Trend in the News: A More Intellectual Wellness Travel
Week of May 11, 2022
Expedition cruises put a new spin on luxury at sea (Forget infinity pools and couples’ massages, the newest luxury ships are all about scientific discovery)–The Washington Post
The new luxury ships aren’t about decadent pampering, they’re about scientific discovery. Rather than stopping at the usual crowded European and Caribbean ports, they’re taking guests—along with scientists, historians and naturalists—to places rarely visited by tourists, and attracting travelers who would have rejected cruising in the past. The expedition segment is now the fastest-growing segment of the cruise industry, with 45 new ships expected to be built between 2018-2023. Just one example of the new citizen-science-ships-at-sea: Seabourn’s first purpose-built expedition ship sails this July, and will take guests to the Arctic, Greenland, Iceland, South America, Antarctica and the Amazon—accompanied by a 26-person expedition team of scientists, historians, naturalists and wildlife experts—for immersive education and activism.
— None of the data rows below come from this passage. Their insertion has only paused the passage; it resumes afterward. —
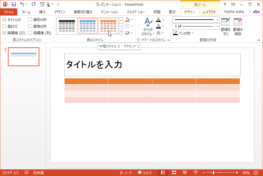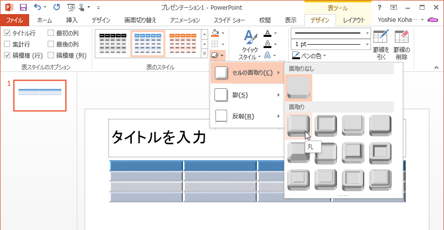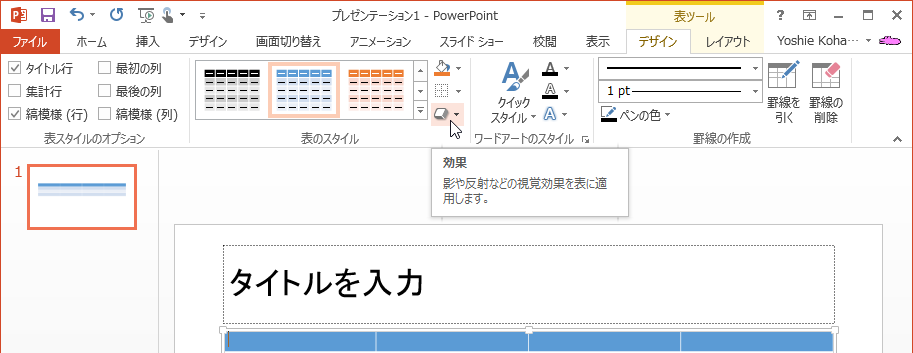 PowerPoint 2013で[表ツール]の[デザイン]タブのクイックスタイルの一覧から適用したいスタイルをクリックします。また、表に影や反射などの視覚効果を加えることも可能です。
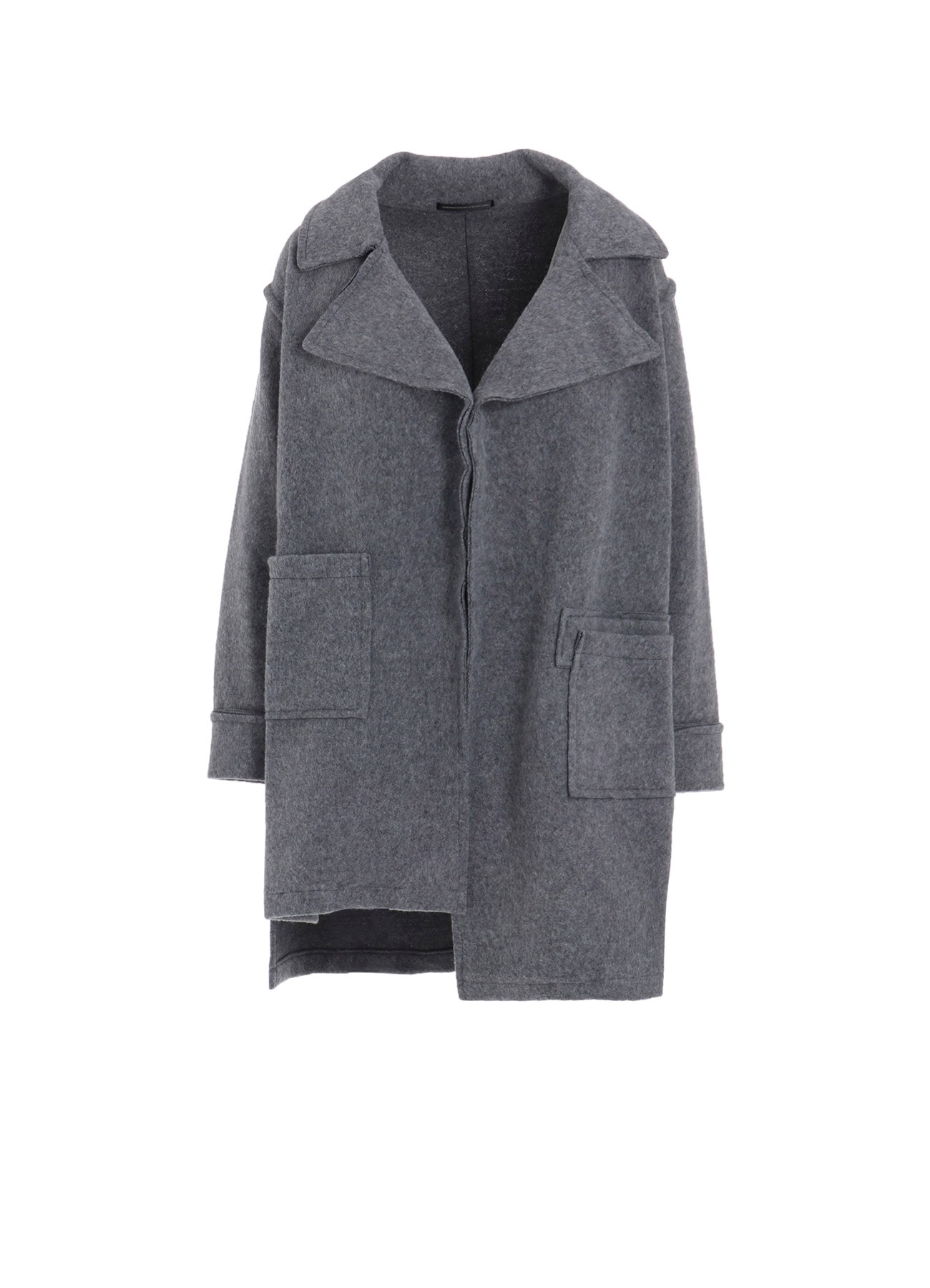 ポケットの位置がアシンメトリーになっているロング丈コート。表面を起毛させた軽く、暖かい風合いの鹿の子編みの生地を使用しています。裁ち切りの仕様と大きめのポケットがカジュアルな印象。前端をスナップボタンで止めるデザインでスッキリとしたシルエットです。
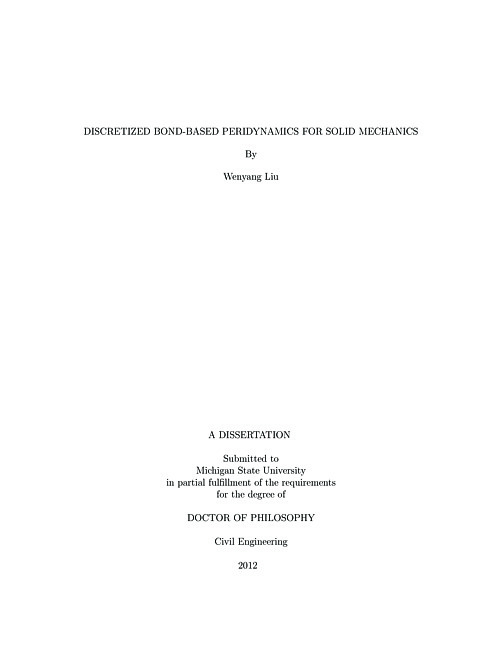 The numerical analysis of spontaneously formed discontinuities such as cracks is a long-standing challenge in the engineering field. Approaches based on the mathematical framework of classical continuum mechanics fail to be directly applicable to describe discontinuities since the theory is formulated in partial differential equations, and a unique spatial derivative, however, does not exist on the singularities. Peridynamics is a reformulated theory of continuum mechanics. The partial differential equations that appear in the classical continuum mechanics are replaced with integral equations. A spatial range, which is called the horizon, is associated with material points, and the interaction between two material points within a horizon is formed in terms of the bond force. Since material points separated by a finite distance in the reference configuration can interact with each other, the peridynamic theory is categorized as a nonlocal method.The primary focus in this research is the development of the discretized bond-based peridynamics for solid mechanics. A connection between the classical elasticity and the discretized peridynamics is established in terms of peridynamic stress. Numerical micromoduli for one- and three-dimensional models are derived. The elastic responses of one- and three-dimensional peridynamic models are examined, and the boundary effect associated with the size of the horizon is discussed. A pairwise compensation scheme is introduced in this research for simulations of an elastic body of Poisson ratio not equal to 1/4. In order to enhance the computational efficiency, the research-purpose peridynamics code is implemented in an NVIDIA graphics processing unit for the highly parallel computation using a high-level implicit programming model. Numerical studies are conducted to investigate the responses of brittle and ductile material models. Stress-strain behaviors with different grid sizes and horizons are studied for a brittle material model. A comparison of stresses and strains between finite element analyses and peridynamic solutions is performed for a ductile material. To bridge material models at different scales, a multiscale procedure is proposed.An approach to couple the discretized peridynamics and the finite element method is developed to take advantage of the generality of peridynamics and the computational efficiency of the finite element method. The coupling of peridynamic and finite element subregions is achieved by means of interface elements. Two types of coupling schemes, the VL-coupling scheme and the CT-coupling scheme respectively, are introduced. Numerical examples are presented to validate the proposed coupling approaches including one- and three-dimensional elastic problems and the mixed mode fracture in a double-edge-notched concrete specimen.A numerical scheme for the contact-impact procedure ensuring compatibility between a peridynamic domain and a non-peridynamic domain is developed. A penalty method is used to enforce displacement constraints for transient analyses by the explicit time integration. In the numerical examples, the impact between two rigid bodies is examined to validate the contact algorithm. The ballistic perforation through a steel plate is investigated, and the residual velocities of the projectile are compared with the results by an analytical model.Peridynamics is applied to study porous brittle materials. An algorithm is developed to generate randomly distributed cubic voids and spherical voids for a given porosity. The material behaviors at the macroscopic level including the resultant Young's modulus and the strength are studied with varying amounts of porosities. The degradations of Young's modulus and strength are compared with empirical and analytical solutions.
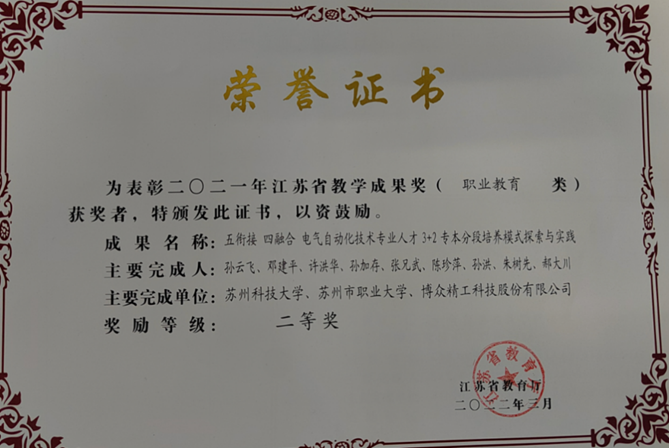 (1)開設工業(yè)互聯(lián)網技術專業(yè),進行專業(yè)人才培養(yǎng)。基地責任單位蘇州市職業(yè)大學從2019年開始招生工業(yè)互聯(lián)網技術專業(yè)的學生,目前已經連續(xù)招生4屆學生,畢業(yè)生供不應求。與蘇州科技大學聯(lián)合進行專本3+2人才培養(yǎng),雙方以工業(yè)互聯(lián)網方向為培養(yǎng)目標,聯(lián)合工業(yè)互聯(lián)網企業(yè)簽訂三方合作協(xié)議,進行師資互聘、實踐基地共享,共同構建“五銜接 四融合”電氣自動化技術專業(yè)人才3+2專本分段培養(yǎng)模式,相關教學成果獲江蘇省教學成果2等獎,共同建立的實踐基地獲省產教融合實訓平臺。
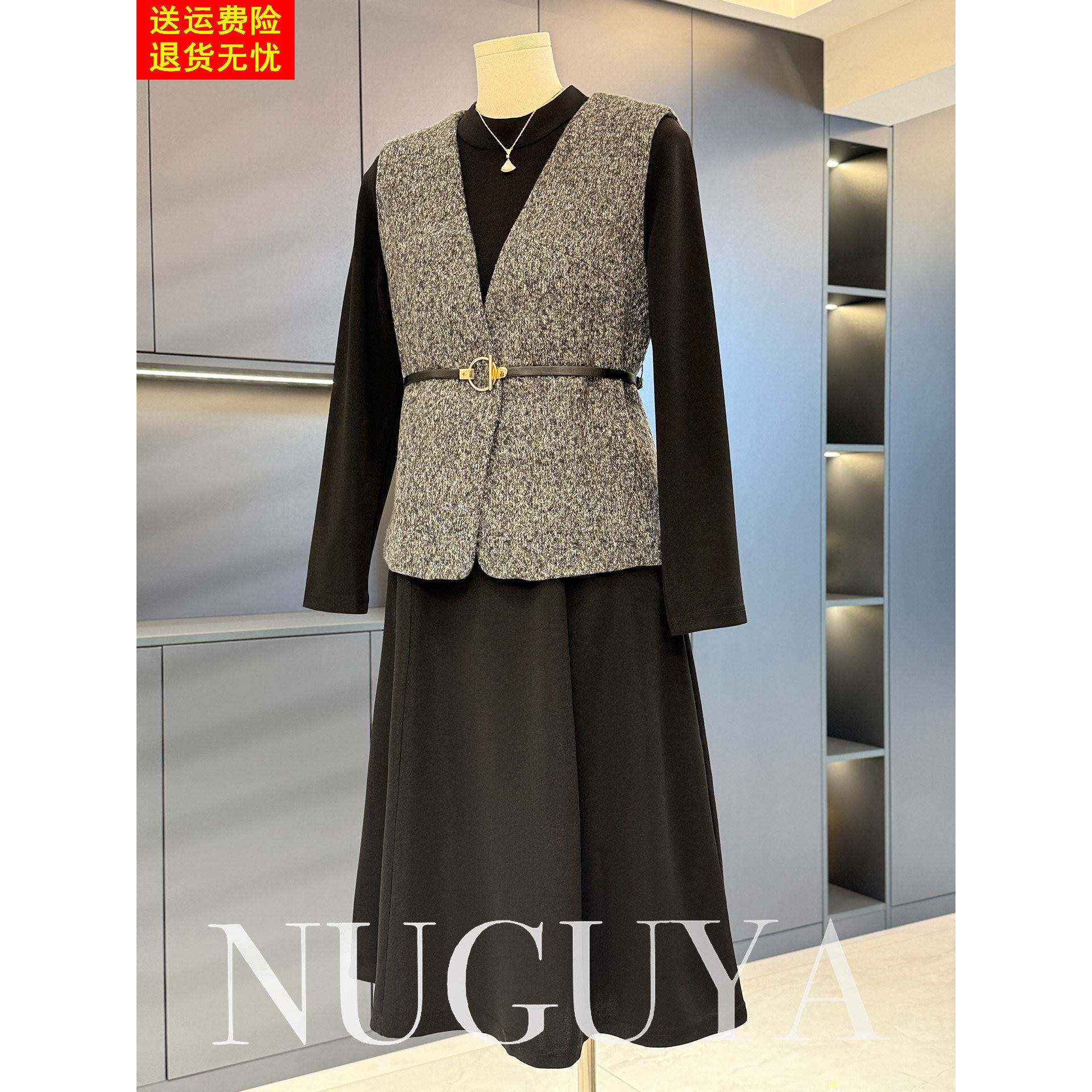 阔色法式收腰连衣裙内搭毛衣两件套装女25冬季灰色背心裙短裙子秋

Travel’s trends for 2022: One is families seeking the edu-vacation–The New York Times
This article is more broadly about 2022 travel trends, and one key trend identified is the rise of edu-travel for kids. After two years of classroom closures, children have fallen behind in learning, and parents are eager for travel experiences that immerse them in a real-world education. Family Coppola Hideaways has launched the Coppola Curriculum at its Belize and Guatemala properties, where kids take courses in wilderness science and local art, while Black Tomato’s family-focused education track, Field Trip, includes physics lessons at the CERN laboratory in Switzerland and a social studies-focused hike through Bhutan’s Gangtey Valley to meet a revered monk.
Forget space tourism, these citizen science trips make an impact right on earth– Newsweek
Two pandemic awakenings: more people want to take concrete action to protect our planet and also to learn new skills. The boom in citizen science trips lets everyday travelers work hands-on alongside scientists on specific, research-intensive projects—from surveying elusive snow leopards in Kyrgyzstan to reintroducing the pangolin in South Africa.
Responsible and resilient: Intrepid Travel shows doing good is also good for business–Forbes
Intrepid Travel is a pioneering purpose-led adventure travel brand and the world’s largest B Corp certified travel company. This is an interview with its CEO, James Thornton, on how doing good and giving people a new purpose and scientific and cultural education is good for business. Intrepid Travel has emerged from a tough pandemic renewing that mission: creating over 200 new global trips with a focus on wildlife and environmental conservation, preservation of indigenous and minority cultural traditions, gender equality and empowerment, as well as skills training and education.